Saved data entries
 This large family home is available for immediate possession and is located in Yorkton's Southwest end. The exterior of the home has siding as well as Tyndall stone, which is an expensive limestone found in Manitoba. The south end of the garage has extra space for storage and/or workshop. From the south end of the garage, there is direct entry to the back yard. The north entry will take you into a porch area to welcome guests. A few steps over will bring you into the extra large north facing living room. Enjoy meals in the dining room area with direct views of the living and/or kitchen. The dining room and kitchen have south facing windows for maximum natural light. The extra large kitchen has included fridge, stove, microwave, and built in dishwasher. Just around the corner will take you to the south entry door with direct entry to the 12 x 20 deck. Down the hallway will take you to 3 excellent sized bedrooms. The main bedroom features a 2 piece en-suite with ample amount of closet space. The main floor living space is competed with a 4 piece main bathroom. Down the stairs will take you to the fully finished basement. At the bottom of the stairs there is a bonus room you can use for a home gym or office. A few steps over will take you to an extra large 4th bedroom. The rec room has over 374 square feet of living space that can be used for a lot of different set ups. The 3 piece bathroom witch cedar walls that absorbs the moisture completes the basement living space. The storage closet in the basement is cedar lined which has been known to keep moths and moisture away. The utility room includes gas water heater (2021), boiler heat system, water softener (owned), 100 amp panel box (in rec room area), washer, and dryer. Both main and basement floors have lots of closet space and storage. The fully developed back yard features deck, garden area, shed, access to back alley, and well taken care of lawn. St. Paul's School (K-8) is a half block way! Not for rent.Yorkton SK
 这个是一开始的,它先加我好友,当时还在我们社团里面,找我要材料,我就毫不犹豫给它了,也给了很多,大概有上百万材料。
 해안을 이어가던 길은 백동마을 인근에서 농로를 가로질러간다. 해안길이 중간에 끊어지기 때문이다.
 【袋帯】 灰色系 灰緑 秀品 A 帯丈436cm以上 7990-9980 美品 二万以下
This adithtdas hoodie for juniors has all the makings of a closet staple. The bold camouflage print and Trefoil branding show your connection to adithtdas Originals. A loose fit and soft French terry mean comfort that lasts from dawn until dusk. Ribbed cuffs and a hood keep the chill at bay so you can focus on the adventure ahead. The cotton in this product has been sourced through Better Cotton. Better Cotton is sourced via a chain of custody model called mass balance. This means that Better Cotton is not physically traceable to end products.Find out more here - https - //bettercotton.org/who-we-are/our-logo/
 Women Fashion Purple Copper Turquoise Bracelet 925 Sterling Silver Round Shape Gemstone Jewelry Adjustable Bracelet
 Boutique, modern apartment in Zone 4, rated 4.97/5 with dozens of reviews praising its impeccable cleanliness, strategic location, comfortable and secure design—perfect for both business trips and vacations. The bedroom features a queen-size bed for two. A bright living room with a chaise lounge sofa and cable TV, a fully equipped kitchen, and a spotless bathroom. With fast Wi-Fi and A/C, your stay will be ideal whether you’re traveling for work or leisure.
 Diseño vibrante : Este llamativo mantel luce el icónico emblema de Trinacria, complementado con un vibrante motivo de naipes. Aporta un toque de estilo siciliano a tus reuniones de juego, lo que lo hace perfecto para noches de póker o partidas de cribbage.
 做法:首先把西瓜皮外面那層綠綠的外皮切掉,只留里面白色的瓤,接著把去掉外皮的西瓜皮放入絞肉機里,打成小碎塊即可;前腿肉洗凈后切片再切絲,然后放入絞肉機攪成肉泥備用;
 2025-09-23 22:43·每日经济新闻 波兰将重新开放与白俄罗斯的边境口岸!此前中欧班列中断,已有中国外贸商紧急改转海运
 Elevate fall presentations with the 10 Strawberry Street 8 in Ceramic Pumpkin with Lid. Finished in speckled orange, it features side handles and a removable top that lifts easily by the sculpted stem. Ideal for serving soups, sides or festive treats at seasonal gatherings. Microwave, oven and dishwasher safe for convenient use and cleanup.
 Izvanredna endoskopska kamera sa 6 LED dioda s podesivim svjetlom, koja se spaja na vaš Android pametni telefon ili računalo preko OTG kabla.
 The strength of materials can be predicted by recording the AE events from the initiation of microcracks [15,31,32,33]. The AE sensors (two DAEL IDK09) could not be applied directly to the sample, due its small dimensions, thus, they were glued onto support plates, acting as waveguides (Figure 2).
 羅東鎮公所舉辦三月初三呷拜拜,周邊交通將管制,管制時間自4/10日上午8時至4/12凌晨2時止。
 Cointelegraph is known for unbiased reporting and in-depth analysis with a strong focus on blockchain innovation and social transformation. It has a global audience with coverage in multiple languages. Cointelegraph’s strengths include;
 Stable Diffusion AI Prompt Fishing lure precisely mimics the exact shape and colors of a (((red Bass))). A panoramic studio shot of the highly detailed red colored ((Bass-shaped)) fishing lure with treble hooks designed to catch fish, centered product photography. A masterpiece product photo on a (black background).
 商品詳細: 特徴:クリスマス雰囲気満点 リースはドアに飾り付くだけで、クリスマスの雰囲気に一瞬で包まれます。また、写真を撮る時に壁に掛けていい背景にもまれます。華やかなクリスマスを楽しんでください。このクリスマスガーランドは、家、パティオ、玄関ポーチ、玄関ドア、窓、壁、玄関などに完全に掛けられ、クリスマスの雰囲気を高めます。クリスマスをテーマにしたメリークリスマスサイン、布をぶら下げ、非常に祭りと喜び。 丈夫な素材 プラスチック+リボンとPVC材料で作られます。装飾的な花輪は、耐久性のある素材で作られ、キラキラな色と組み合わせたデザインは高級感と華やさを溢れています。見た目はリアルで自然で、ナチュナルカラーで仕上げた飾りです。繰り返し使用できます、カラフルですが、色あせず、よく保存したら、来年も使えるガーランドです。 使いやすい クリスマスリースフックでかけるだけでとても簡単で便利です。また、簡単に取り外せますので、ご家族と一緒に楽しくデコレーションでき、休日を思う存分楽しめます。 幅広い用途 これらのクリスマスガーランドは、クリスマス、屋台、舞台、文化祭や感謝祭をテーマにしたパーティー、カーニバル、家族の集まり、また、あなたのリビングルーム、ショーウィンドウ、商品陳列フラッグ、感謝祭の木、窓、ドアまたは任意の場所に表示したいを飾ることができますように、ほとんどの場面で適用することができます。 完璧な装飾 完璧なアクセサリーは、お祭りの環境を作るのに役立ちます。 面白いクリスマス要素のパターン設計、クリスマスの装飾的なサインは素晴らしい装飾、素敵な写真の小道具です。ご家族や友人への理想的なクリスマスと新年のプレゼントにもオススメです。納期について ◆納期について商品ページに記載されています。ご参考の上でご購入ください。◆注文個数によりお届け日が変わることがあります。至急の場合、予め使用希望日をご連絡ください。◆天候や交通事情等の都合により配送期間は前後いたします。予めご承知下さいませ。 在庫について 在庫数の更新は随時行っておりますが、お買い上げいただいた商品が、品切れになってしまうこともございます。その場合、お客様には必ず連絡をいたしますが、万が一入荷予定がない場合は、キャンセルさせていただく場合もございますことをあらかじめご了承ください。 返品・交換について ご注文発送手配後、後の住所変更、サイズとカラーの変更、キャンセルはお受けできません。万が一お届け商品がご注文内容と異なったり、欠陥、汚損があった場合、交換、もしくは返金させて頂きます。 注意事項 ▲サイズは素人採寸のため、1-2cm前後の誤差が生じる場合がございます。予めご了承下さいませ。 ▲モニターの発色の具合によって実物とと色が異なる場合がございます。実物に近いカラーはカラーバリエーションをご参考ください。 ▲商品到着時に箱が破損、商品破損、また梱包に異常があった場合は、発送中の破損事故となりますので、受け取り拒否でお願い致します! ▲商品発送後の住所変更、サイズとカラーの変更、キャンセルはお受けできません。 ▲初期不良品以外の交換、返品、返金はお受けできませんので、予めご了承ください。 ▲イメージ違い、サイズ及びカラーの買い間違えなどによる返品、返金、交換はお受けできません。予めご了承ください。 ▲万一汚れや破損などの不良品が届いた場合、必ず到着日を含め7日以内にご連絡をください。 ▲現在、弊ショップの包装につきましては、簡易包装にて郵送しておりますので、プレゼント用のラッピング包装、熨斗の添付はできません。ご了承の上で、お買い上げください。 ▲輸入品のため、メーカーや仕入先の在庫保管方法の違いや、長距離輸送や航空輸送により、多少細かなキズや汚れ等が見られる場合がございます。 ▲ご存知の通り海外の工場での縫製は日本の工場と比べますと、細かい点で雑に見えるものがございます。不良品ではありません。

WHAT TO PRODUCE: Of the entries above, repeat exactly the lines from the line with "The strength of" through the line with "Stable Diffusion AI", both of them included.

RESULT OF THIS TASK:
 The strength of materials can be predicted by recording the AE events from the initiation of microcracks [15,31,32,33]. The AE sensors (two DAEL IDK09) could not be applied directly to the sample, due its small dimensions, thus, they were glued onto support plates, acting as waveguides (Figure 2).
 羅東鎮公所舉辦三月初三呷拜拜,周邊交通將管制,管制時間自4/10日上午8時至4/12凌晨2時止。
 Cointelegraph is known for unbiased reporting and in-depth analysis with a strong focus on blockchain innovation and social transformation. It has a global audience with coverage in multiple languages. Cointelegraph’s strengths include;
 Stable Diffusion AI Prompt Fishing lure precisely mimics the exact shape and colors of a (((red Bass))). A panoramic studio shot of the highly detailed red colored ((Bass-shaped)) fishing lure with treble hooks designed to catch fish, centered product photography. A masterpiece product photo on a (black background).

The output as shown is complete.